Ben
February 20, 2019, 3:42pm
#1
for example:

self.cnn = model.densenet121(pretrained=True).features

x1 = self.cnn(x1)
x2 = self.cnn(x2)
x3 = self.cnn(x3)

got cuda oof in pytorch 1.0, the memory increases on each line, which, I think, should not.

The similar code run in 0.4.1 is ok. Not know why?

thanks!

rasbt
(Sebastian Raschka)
February 20, 2019, 3:44pm
#2
You are probably adding more and more onto the autograd forward graph here … If you don’t want to backpropagate from x3 -> x1, add

```
with torch.no_grad():
x1 = self.cnn(x1)
x2 = self.cnn(x2)
x3 = self.cnn(x3)
```

Ben
February 20, 2019, 3:49pm
#3
Yes, I want autograd. not from x3 to x1. Actually the x is too big, so I split it to x1, x2 and x3 and feed them to self.cnn seperately.
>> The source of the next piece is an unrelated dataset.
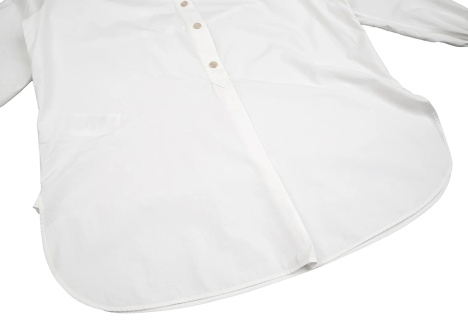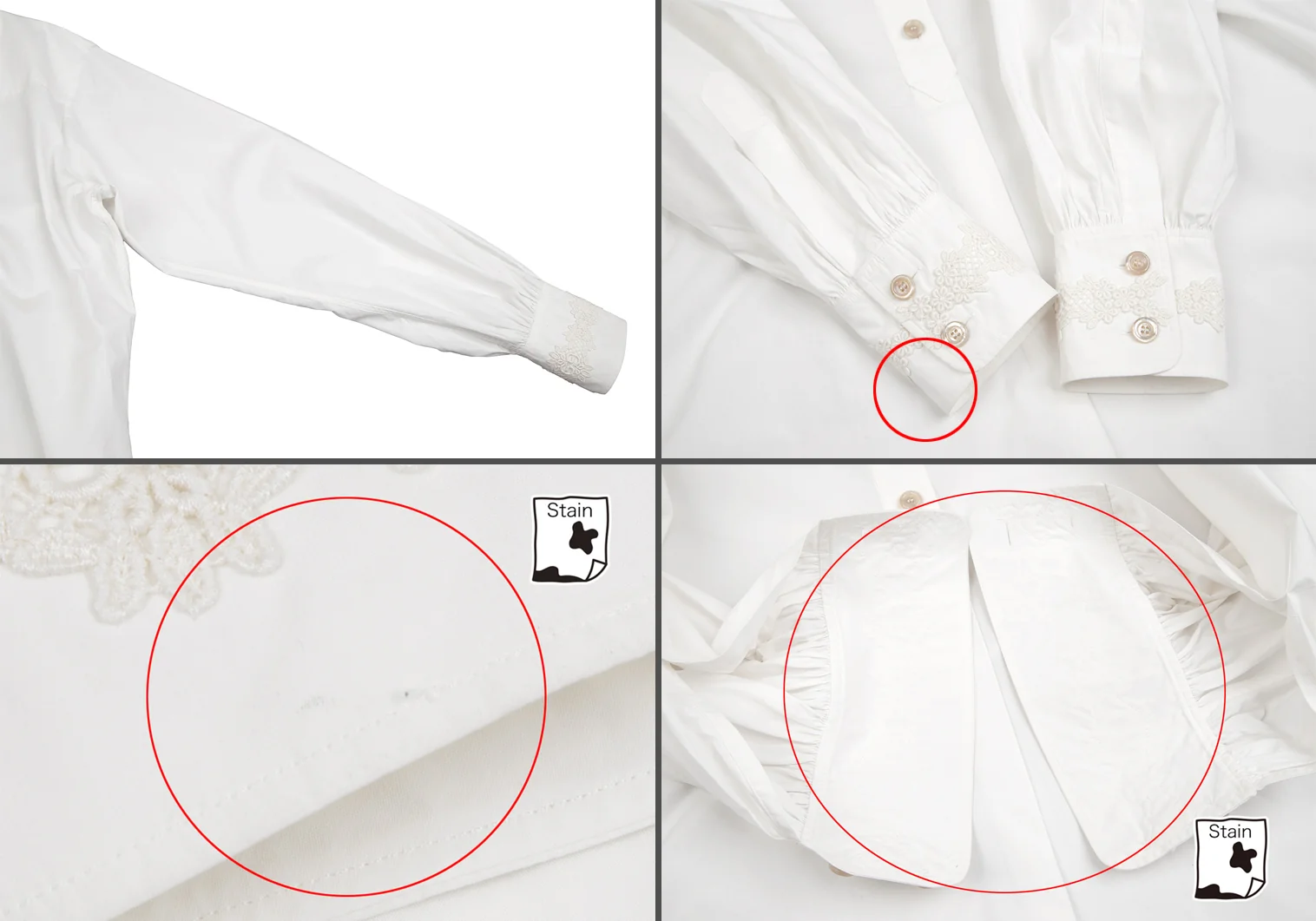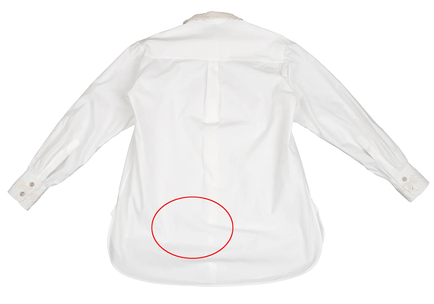 透け感があります。首周りに薄シミ、前立て裏・右袖先・袖裏、後ろ裾に薄汚れがあります。(写真参照)その他目立ったシミ、汚れ、ほつれ等なくいい状態です。クリーニング済み

In 0.4.1, it is ok, but in 1.0, I got cuda oof.

Would intermediate backprops work?

For example

```
optimizer.zero_grad()
x1 = self.cnn(x1)
... # calculate your loss
loss.backward()
optimizer.step()
optimizer.zero_grad()
x2 = self.cnn(x2)
... # calculate your loss
loss.backward()
optimizer.step()
optimizer.zero_grad()
x3 = self.cnn(x3)
... # calculate your loss
loss.backward()
optimizer.step()
```

Uses much less memory. Your effective batchsize will be smaller, but reducing the batchsize is a common way to prevent OOM errors

Ben
February 21, 2019, 2:26am
#5
Thanks! That makes sense! I think it is equivalent to reducing batch size.